Economic analysis of surgical outcome monitoring using control charts: the SHEWH

Economic analysis of surgical outcome monitoring using control charts: the SHEWHART cluster randomised trial

Sarah Skinner, Léa Pascal, Stéphanie Polazzi, François Chollet, Jean-Christophe Lifante, Antoine Duclos; SHEWHART Trial Group

BMJ Qual Saf. 2023 Aug 8;bmjqs-2022-015390. Online ahead of print.

 

Abstract

Importance: Surgical complications represent a considerable proportion of hospital expenses. Therefore, interventions that improve surgical outcomes could reduce healthcare costs.

Objective: Evaluate the effects of implementing surgical outcome monitoring using control charts to reduce hospital bed-days within 30 days following surgery, and hospital costs reimbursed for this care by the insurer.

Design: National, parallel, cluster-randomised SHEWHART trial using a difference-in-difference approach.

Setting: 40 surgical departments from distinct hospitals across France.

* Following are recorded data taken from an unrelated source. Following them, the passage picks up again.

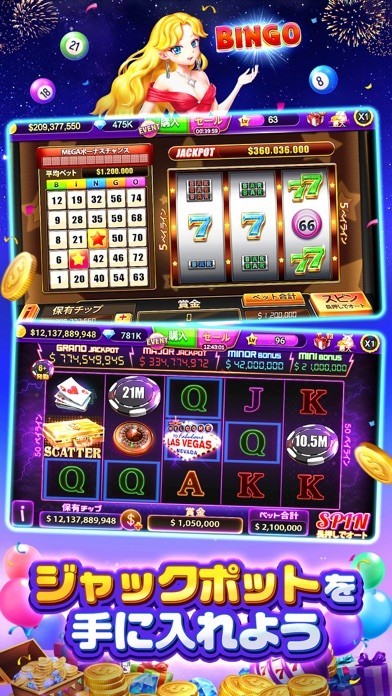 スロットやポーカー等のゲームが豊富に楽しめるスマホアプリ
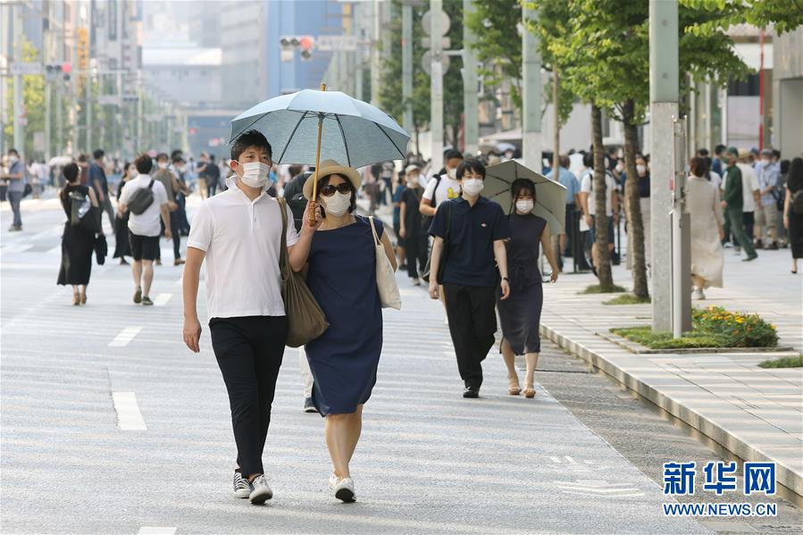 8月15日,在日本东京,银座街头的行人撑伞遮阳。 受太平洋高气压影响,日本多地近来持续高温,仅东京地区本月因中暑死亡的就有26人。 新华社记者 杜潇逸 摄
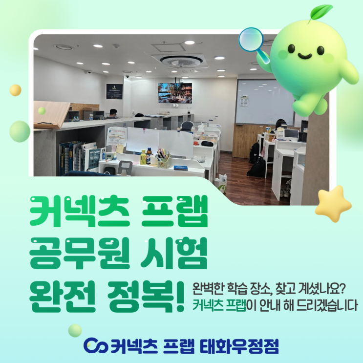 안녕하세요 커넥츠 프랩 태화우정점 입니다! 아침저녁으로 매서운 바람이 불고 있는 지금 커넥츠 프랩에서는 많은 수험생 분들이 공부 하고 있습니다. 국가직, 지방직, 군무원이나 임용고시, 소방, 경찰, 공기업 입사준비, 편입, 회계사, 노무사, 세무사, 수능재수생 까지. 승진시험이나 어학자격증 준비생도 있습니다! 이 많은 시험을 준비하는 수험생 분들이 커넥츠 프랩을 선택한 이유는 뭘까요?! 적지 않은 시간 오로지 합격을 위해 방대한 양의 공부를 해나가야 합니다. 마지막 까지 포기 하지 않고 모든 걸 해내기 위해서는 오로지 학습에 집중하고 몰두 할 수 있어야 하는데, 혼자서 또는 집에서 꾸준한 집중을 해내기는 쉽지 않습니다. 커....... <img src="https://blogthumb.pstatic.net/MjAyNjAxMTZfMjgw/MDAxNzY4NTQ0Mjg3MTg3.X1EoVlYub45RTRK_6ga4qJpS7c1whc3Ru_DJF4uFyD4g.lOWeEpm1CLn3Ebgz55zuYE1R9t7xrBdDSlg430V0pncg.PNG/%C1%A6%B8%F1%C0%BB_%C0%D4%B7%C2%C7%D8%C1%D6%BC%BC%BF%E4._%2832%29.png?type=s3" />

Participants: 155 362 patients over the age of 18 years, who underwent hernia repair, cholecystectomy, appendectomy, bariatric, colorectal, hepatopancreatic or oesophageal and gastric surgery were included in analyses.

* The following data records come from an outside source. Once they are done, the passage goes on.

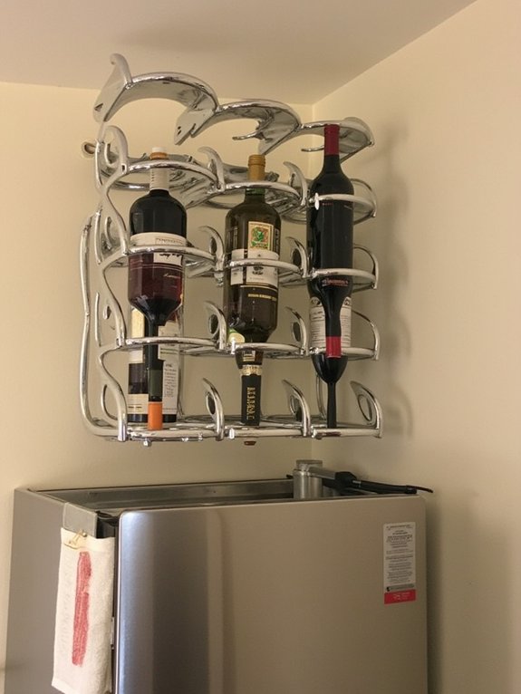 A vertical wine bottle organizer provides an efficient storage solution for unused space above refrigerators, accommodating 6-12 bottles in an attractive, accessible arrangement. This vertical configuration maximizes available room while keeping wine bottles neatly organized.
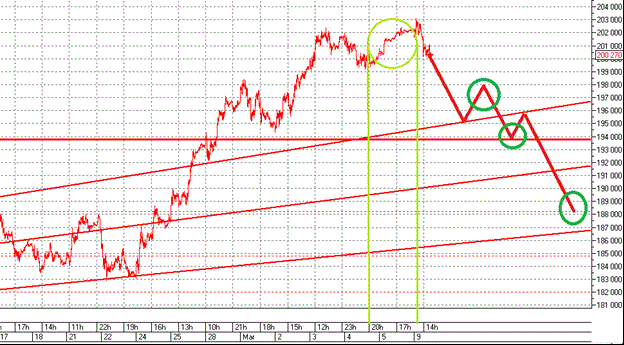 На текущий момент, стоит удерживать в «короткую» позицию от 202000-200000 пунктов по мартовскому фьючерсу на индекс РТС, или же стоит перенести позиции в июньский фьючерс, учитывая спрэд в 2000 пунктов между ними. Цель данной позиции остается та же, нижняя граница канала, которая будет соответствовать 185000-188000 пунктам, но я не исключаю продолжения «медвежьего» тренда на рынке, который характерен для марта-апреля.
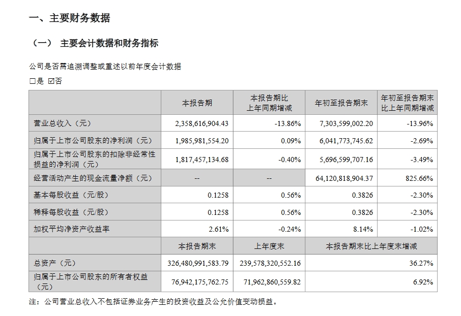 從前三季度來看,公司實現營業總收入73.04億元,同比下降13.96%;歸屬於上市公司股東的淨利潤60.42億元,同比下降2.69%;扣非淨利潤56.97億元,同比下降3.49%;前三季度基本每股收益為0.38元/股,同比下降2.30%。

Intervention: After the baseline assessment period (2014-2015), hospitals were randomly allocated to the intervention or control groups. In 2017-2018, the 20 hospitals assigned to the intervention were provided quarterly with control charts for monitoring their surgical outcomes (inpatient death, intensive care stay, reoperation and severe complications). At each site, pairs, consisting of one surgeon and a collaborator (surgeon, anaesthesiologist or nurse), were trained to conduct control chart team meetings, display posters in operating rooms, maintain logbooks and design improvement plans.

Main outcomes: Number of hospital bed-days per patient within 30 days following surgery, including the index stay and any acute care readmissions related to the occurrence of major adverse events, and hospital costs reimbursed for this care per patient by the insurer.

Results: Postintervention, hospital bed-days per patient within 30 days following surgery decreased at an adjusted ratio of rate ratio (RRR) of 0.97 (95% CI 0.95 to 0.98; p<0.001), corresponding to a 3.3% reduction (95% CI 2.1% to 4.6%) for intervention hospitals versus control hospitals. Hospital costs reimbursed for this care per patient by the insurer significantly decreased at an adjusted ratio of cost ratio (RCR) of 0.99 (95% CI 0.98 to 1.00; p=0.01), corresponding to a 1.3% decrease (95% CI 0.0% to 2.6%). The consumption of a total of 8910 hospital bed-days (95% CI 5611 to 12 634 bed-days) and €2 615 524 (95% CI €32 366 to €5 405 528) was avoided in the intervention hospitals postintervention.

Conclusions: Using control charts paired with indicator feedback to surgical teams was associated with significant reductions in hospital bed-days within 30 days following surgery, and hospital costs reimbursed for this care by the insurer.